--- Data records Enclosed Below ---

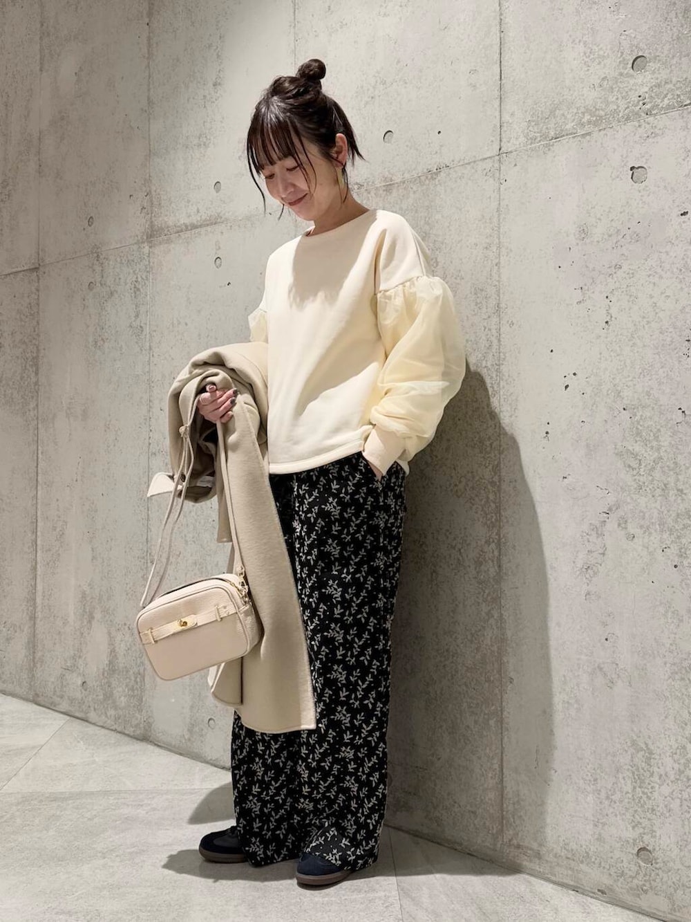 スウェットは、袖のシフォンがふんわりと女性らしいアイテムです。
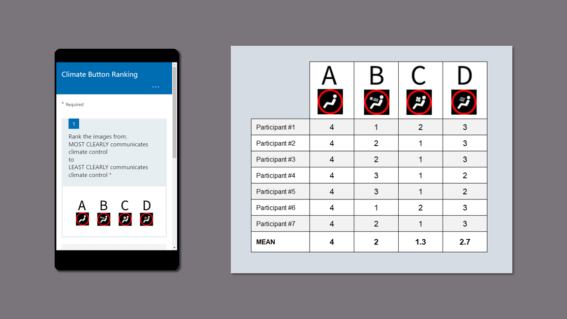 While iterating through designs, I sent the participants a survey with four possible climate button designs which included the original design.
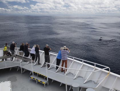 Here in Baja California, it’s always a pleasure to awake to flat calm seas with the stunning Sierra de la Giganta as a backdrop. As National Geographic Sea Bird sailed south towards our morning destination, Isla Danzante in the Bahía de Loreto National Park, eyes on the bridge and bow were scanning for signs of marine life in the first morning light. As the sun rose higher, we began to see flashes and splashes in the distance. Soon after, bottlenose dolphins came in to ride our bow wave, at one point including a very small youngster. We then encountered a group of long-beaked common dolphins that rode our ship’s wake as shutters clicked away. We turned back towards Isla Danzante and discovered a fantastic show of mobula rays jumping over and over, while we watched huge schools of rays gliding past below the surface.
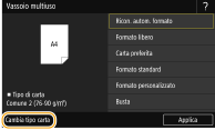 1 | Selezionare <Formato personalizzato>. ![]() È possibile specificare il formato della carta come <Formato libero>, eliminando così la necessità di specificare il formato della carta. Specificare <Formato libero> quando si carica carta di formato sconosciuto da utilizzare per la copia o quando il formato della carta è già registrato nel driver della stampante. |
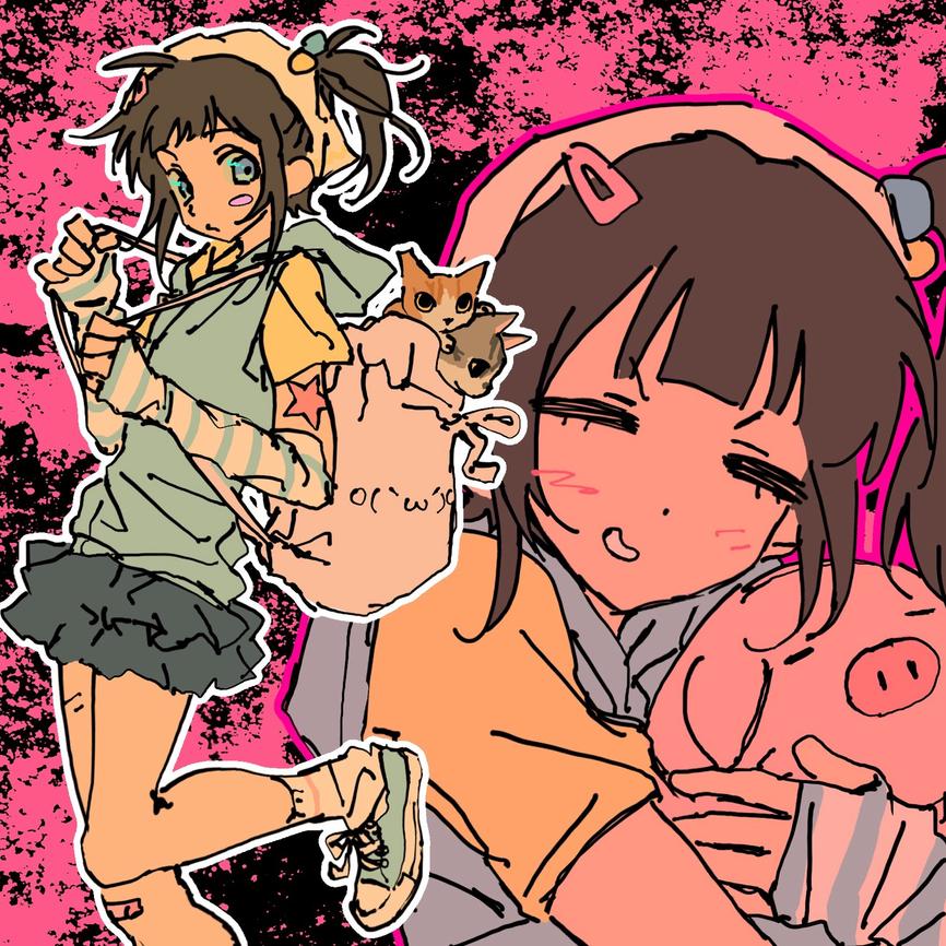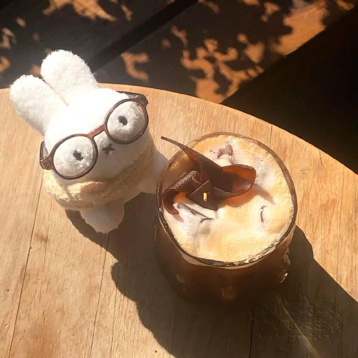 幽灵猫猫坐在蘑菇板凳上喝麦茶
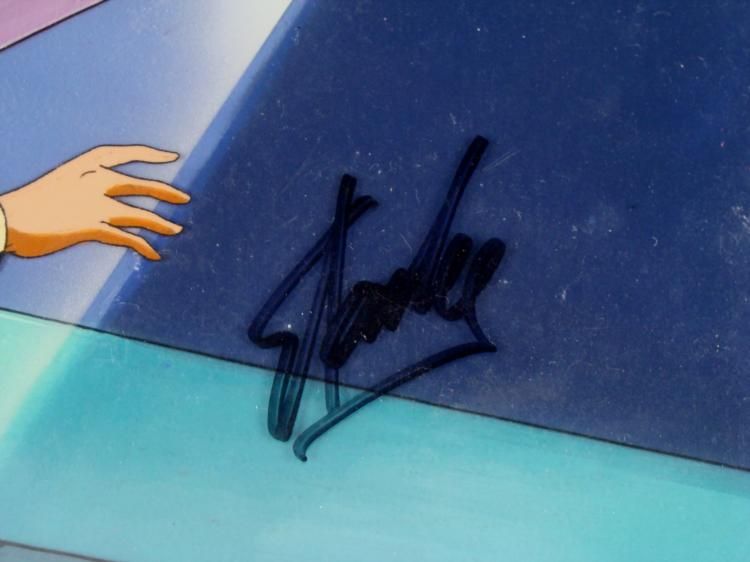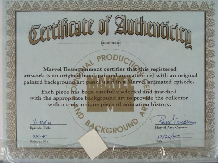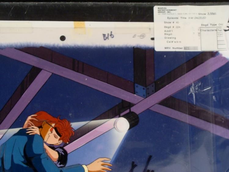 This is an original signed production cel and background from the hit series X-Men. Stan Lee signature is located on the bottom right of cel in black sharpie. * Under a cloud of increasing anti-mutant sentiment, Professor Xavier creates a haven at his Westchester mansion to train young mutants to use their powers for the benefit of humanity, and to prove mutants can be heroes. Xavier recruited Cyclops, Iceman, Angel, Beast and Jean Grey calling them "X-Men" because they possessed the "x-gene", an ability normal humans lacked. Early issues introduced the team's arch enemy, Magneto and his Brotherhood of Evil Mutants, who would later battle the X-Men for years. * Damn, this is hot!!! * * Original Animated Cel Overall Size of the Cel: 10 1/2" x 12 1/2" Overall Size of the background: 10 1/4" x 14 1/4" Excellent Condition This is an original hand-painted cel set-up used in the production of an episode of X-Men titled "Dazzled." Each one-of-a-kind set-up represents a slight change in position of the characters. When individually photographed and projected in rapid succession, the images appear to move. * To create production cels, the original animator's drawing is transferred onto an acetate cel (by hand-inking and/or photo copying). The cel is then hand-painted on the reverse side. The background accompanying this set-up is an original production background. * The cel and original background is ready to be matted and framed. The animators notations are located at the top of the cel and background. A certificate of Authenticity from Marvel is on the back of background. The Marvel Seal is located at the bottom left of the cel. The cel and background are in a protective sleeve An information card about the episode is located at the top right of the protective sleeve. *
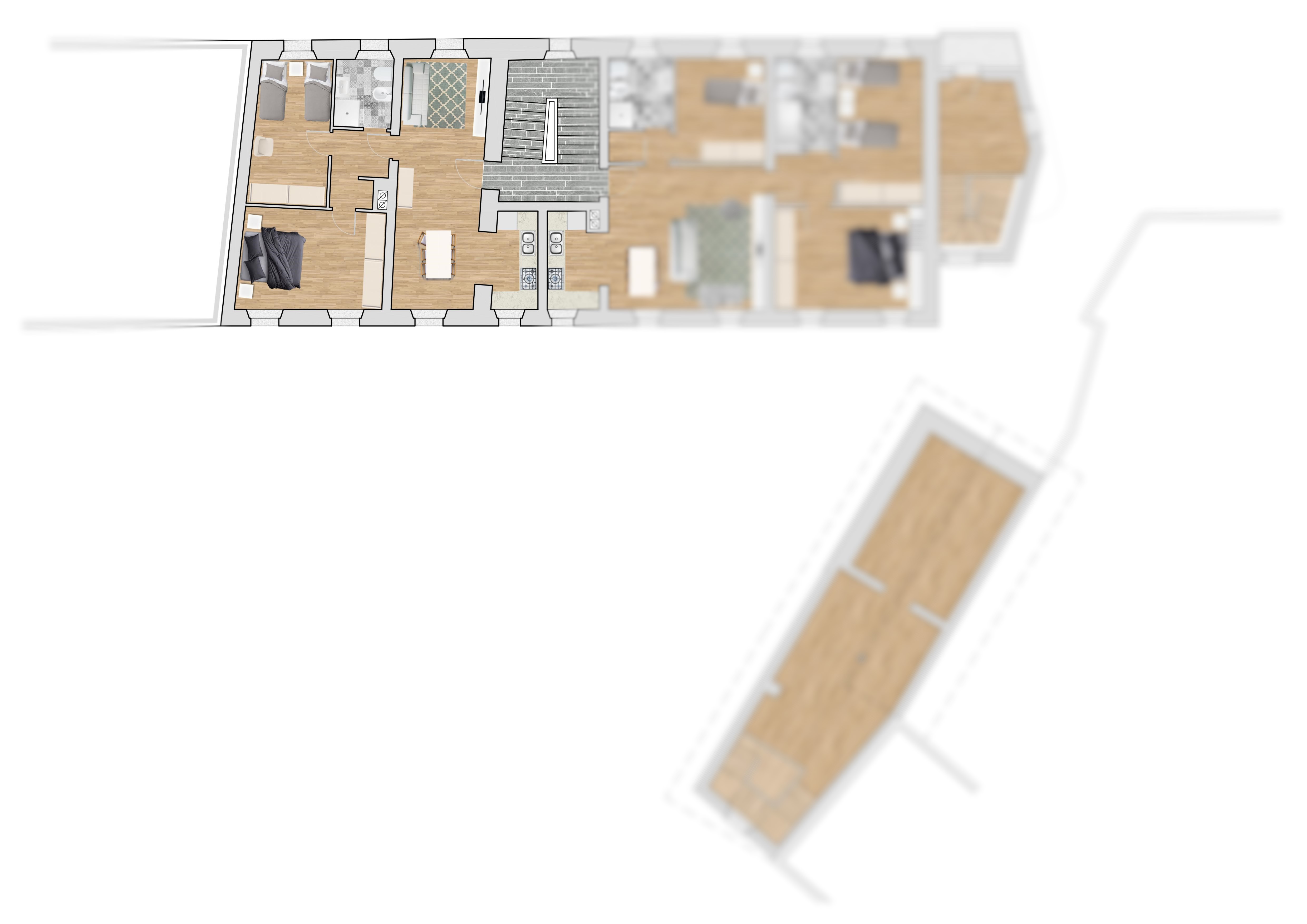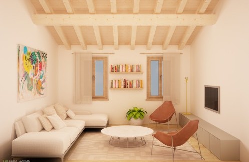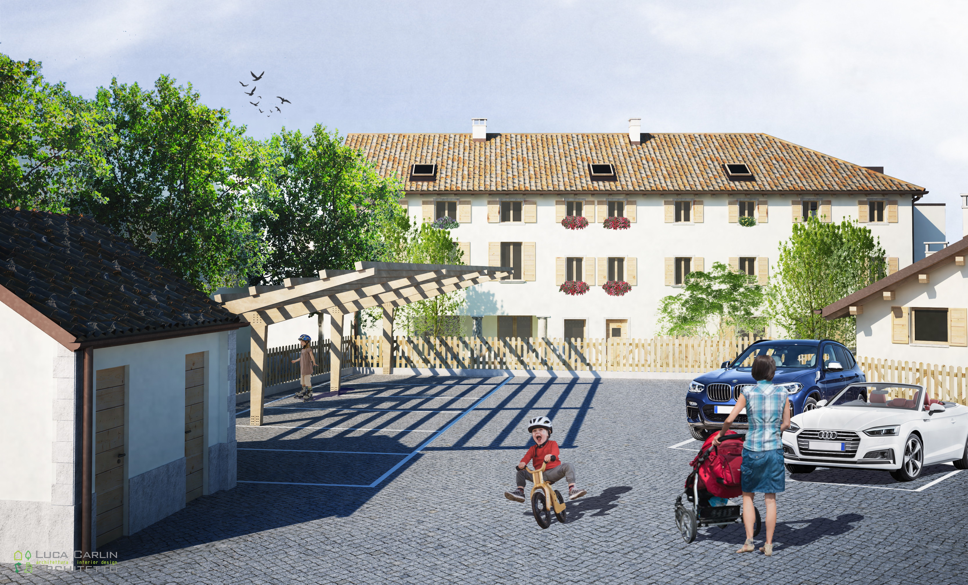 L'appartamento, che può essere ancora personalizzato a seconda delle esigenze e dei gusti, è composto da una cucina, un soggiorno, 2 camere e un bagno. Completa l'immobile un parcheggio esterno coperto.
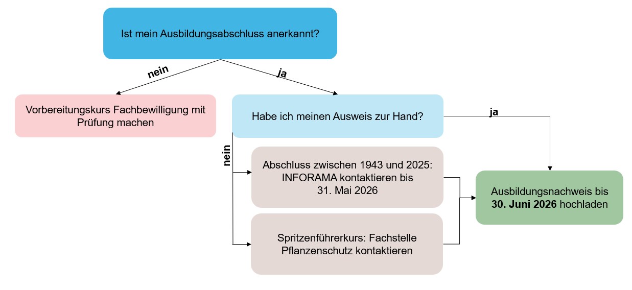 Bis zum 31. Dezember 2026 ist Ihre bisherige Fachbewilligung gültig, sofern diese oder Ihr Ausbildungsabschluss von einer registrierten Bildungsinstitution oder einer landwirtschaftlichen Schule ausgestellt wurde.
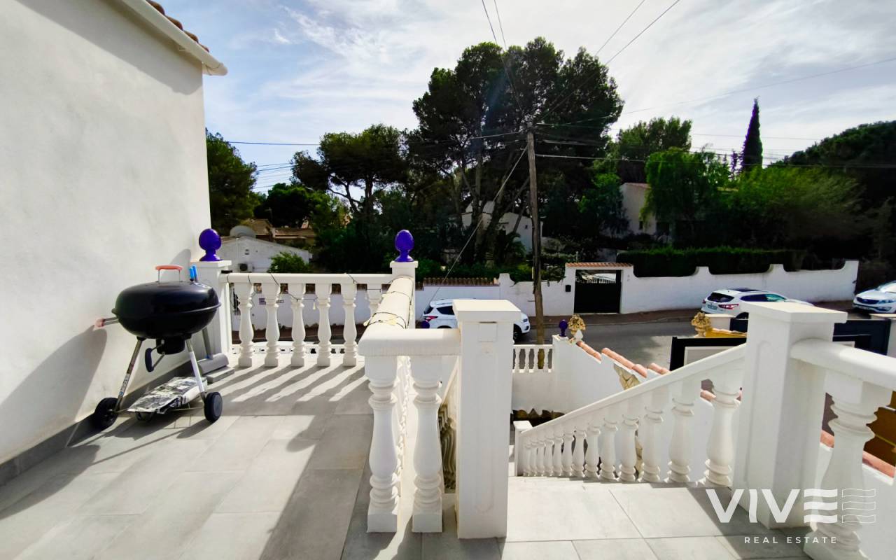 Distribuida en dos plantas, esta casa ofrece amplios espacios llenos de luz gracias a su orientación sur. Dispone de 5 dormitorios y 3 baños, un gran salón y varias terrazas que permiten disfrutar del clima mediterráneo durante todo el año.
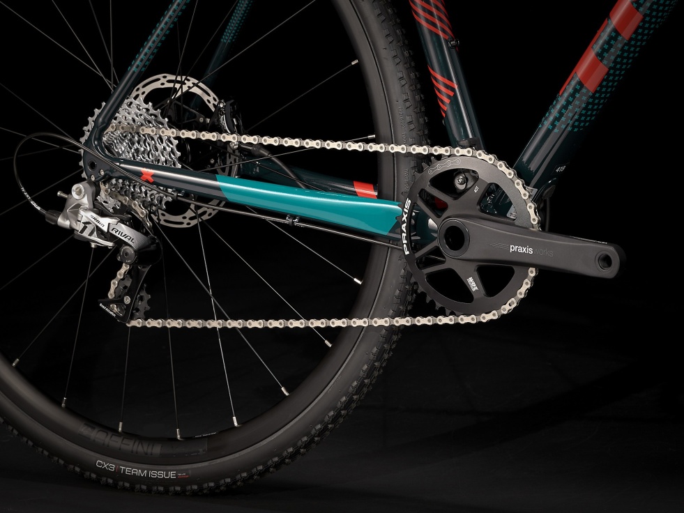 Lehký a odolný rám z materiálu Alpha Aluminum řady 300 s tvarovanými trubkami a technologií nenápadných svarů, 12mm pevné osy, celokarbonovou vidlici Trek Cross, účinné hydraulické kotoučové brzdy s úchytem Flat Mount a praktičnost osazení 1x11 s páčkami a řazením SRAM Rival.
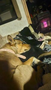 Persephone belongs to our daughter but spends most of her time with us. Rescued from a local animal shelter, she prefers the company of the pack while her mom is at work.

--- End of Enclosed Data records ---

**Exercise description**
Pictures excluded, output exactly the line that contains "Distribuida en dos" and every line after it to the end of the data above.

**Response to this exercise**
 Distribuida en dos plantas, esta casa ofrece amplios espacios llenos de luz gracias a su orientación sur. Dispone de 5 dormitorios y 3 baños, un gran salón y varias terrazas que permiten disfrutar del clima mediterráneo durante todo el año.
 Lehký a odolný rám z materiálu Alpha Aluminum řady 300 s tvarovanými trubkami a technologií nenápadných svarů, 12mm pevné osy, celokarbonovou vidlici Trek Cross, účinné hydraulické kotoučové brzdy s úchytem Flat Mount a praktičnost osazení 1x11 s páčkami a řazením SRAM Rival.
 Persephone belongs to our daughter but spends most of her time with us. Rescued from a local animal shelter, she prefers the company of the pack while her mom is at work.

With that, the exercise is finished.